The global service maintains an index of all the pages and applications on the site. Unlike most of what we do at Facebook, these results are global because they contain no personalization. The signals that this service records are identical for all user on the site; for example, we might rank applications by the number of users who have interacted with them in the last month, and pages by the structure of the graph surrounding them. Since this service's results are independent of the querying user, we can save latency by storing recent results in a memcached-based query cache.

The graph service returns results by searching the user's neighborhood of the graph. For some types of queries, a user and her friend's graph connections are a powerful signal of expressed preferences, and thus relevance. Graphs are notoriously difficult mathematical objects for computers to come to terms with: they are large, and are a minefield of computationally hard problems that appear simple. Our graph contains 400 million active users, and many billions of connections, both among users and from users to objects of other types: pages, applications, events, open graph nodes, etc.

5. Merging Results


The aggregator merges the results and features returned from each leaf service and ranks the results according to our model. The top results are returned to the web tier.

6. Fetching Data and Validating Results


The results returned by the aggregator are simply a list of ids. The web tier needs to fetch all the data from memcache/MySQL to render the results and display information like the name, profile picture, link, shared networks, mutual friends, etc. The web tier also needs to do privacy checking here to make sure that the searcher is allowed to see each result.

7. Displaying the Results


The results with all the relevant data are sent back to the browser to be displayed in the typeahead. These results are also added to the browser cache along with the bootstrapped connections so that similar subsequent queries don't need to hit the backend again.

Putting it all Together


Once the basic architecture was in place, we spent a lot of time getting everything to a production-ready state.
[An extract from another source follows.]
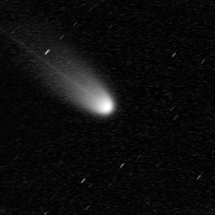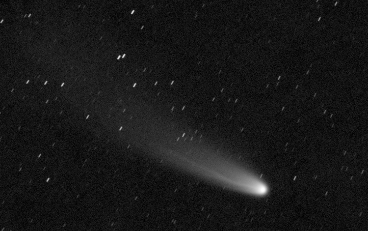 Komet C/2025 A6 (Lemmon) am 02.10.2025, f = 300 mm, QHY294C, IRB-Filter, 43:30 Minuten Belichtungszeit, 50% der Originalauflösung. Das Bild wurde um ca. 04:00 UT unmittelbar vor der Morgendämmerung bei durchziehenden dünnen Wolken aufgenommen. Die intensive grüne C2-Emission der Coma ist weiterhin dominant, ebenso wie der schmale gerade Gasschweif. Mittlerweile ist jedoch auch ein weiter aufgefächerter Staubschweif sichtbar, der nicht genau parallel zum Gasschweif verläuft.

We dark-tested by changing the old typeahead to send a query on every keystroke. We knew that usage patterns could dramatically shift once the new typeahead was fully launched, but this was a good first step to uncovering any scalability issues we might have. As a result of this testing, we discovered network limitations that caused us to adjust the topology of the architecture.

We also experimented with a large number of user interface variants using A/B testing and more qualitiative usability studies to help us make some thorny decisions. 
  • Number of results: We wanted to show enough entries so that you would serendipitously stumble upon fun results while typing, yet showing fewer results would be faster and be less distracting. Our ultimate design varies the number of results shown based on your browser window height.
  • Searching: Even though we made the Enter key auto-select the first result, we wanted to ensure users who wanted to search still could. We experimented heavily with the placement, wording, and appearance of the “See More Results” link that takes you to our traditional search page.
  • Mouse vs. keyboard: While Facebook employees are heavy keyboard users, we discovered most users prefer to use the mouse to select from the typeahead. This led us to focus on mouse use-cases more than we naturally would have.
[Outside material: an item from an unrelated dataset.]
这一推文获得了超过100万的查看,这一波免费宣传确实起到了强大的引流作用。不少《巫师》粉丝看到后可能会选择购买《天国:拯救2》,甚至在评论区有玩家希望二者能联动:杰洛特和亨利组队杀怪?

Other experiments included different picture sizes, ways of distinguishing between different result types like applications vs. people, highlighting the query string in results, and various ways of displaying mutual friends.

As with all interesting engineering projects, the trade-offs are where we had the most challenges, surprises, and fun. Many technical decisions in search boil down to a trilemma among performance, recall, and relevance. Our typeahead is perhaps unusual in our high prority on performance; spending more than 100 msec to retrieve a result will cause the typeahead to "stutter," leading to a bad user experience that is almost impossible to compensate for with quality. "Real-time search" is often used to mean chronologically ordered, up-to-date content search, but our typeahead search engine is "real-time" in the older sense of the term: late answers are wrong answers.

http://ying.ninja/?p=903

Facebook Typeahead

Screen Shot 2015-09-30 at 10.30.58 PM
1. Preload 1st Degree Data into Browser Cache
Bootstrapping Connections
Screen Shot 2015-09-30 at 10.41.43 PM
Once Alice clicks the search box, it sends off a request(basically calling first-degree.php in this case) to retrieve all of the user’s direct friends, pages, groups, applications, and upcoming events. Then save it in the browser cache. So that it can immediately show the results without sending another request. 
2. AJAX request and Load Balancer
Screen Shot 2015-09-30 at 10.46.25 PM
Now Alice types ‘B’, it should first show Bob since it is in the browser cache. Then it fires an ajax request (typeahead.php in this case), the load balancer is responsible for routing the request to different servers. Typically each server only handles one specific category of results(friend-of-friend, object-of-friend, events, etc). 
Those blue rectangles are services which could be applied on multiple machines. The global service is for something which are independent to querying user. Like the most popular game or event, since ther we can save latency by storing recent results in a memcached-based query cache.
3. Aggregator
Aggregator delegates queries to multiple lower-level services in parallel and integrating their results.
4. Fetching Data and Validating Results
The results returned by the aggregator are simply a list of ids. The web tier needs to fetch all the data from memcache/MySQL to render the results and display information like the name, profile picture, link, shared networks, mutual friends, etc. The web tier also needs to do privacy checking here to make sure that the searcher is allowed to see each result.
5. Displaying the Results
The results with all the relevant data are sent back to the browser to be displayed in the typeahead. These results are also added to the browser cache along with the bootstrapped connections so that similar subsequent queries don’t need to hit the backend again.

Typeahead Algorithm

https://github.com/zxqiu/leetcode-lintcode/blob/master/system%20design/Typeahead.java
Implement typeahead. Given a string and a dictionary, return all words that contains the string as a substring. The dictionary will give at the initialize method and wont be changed.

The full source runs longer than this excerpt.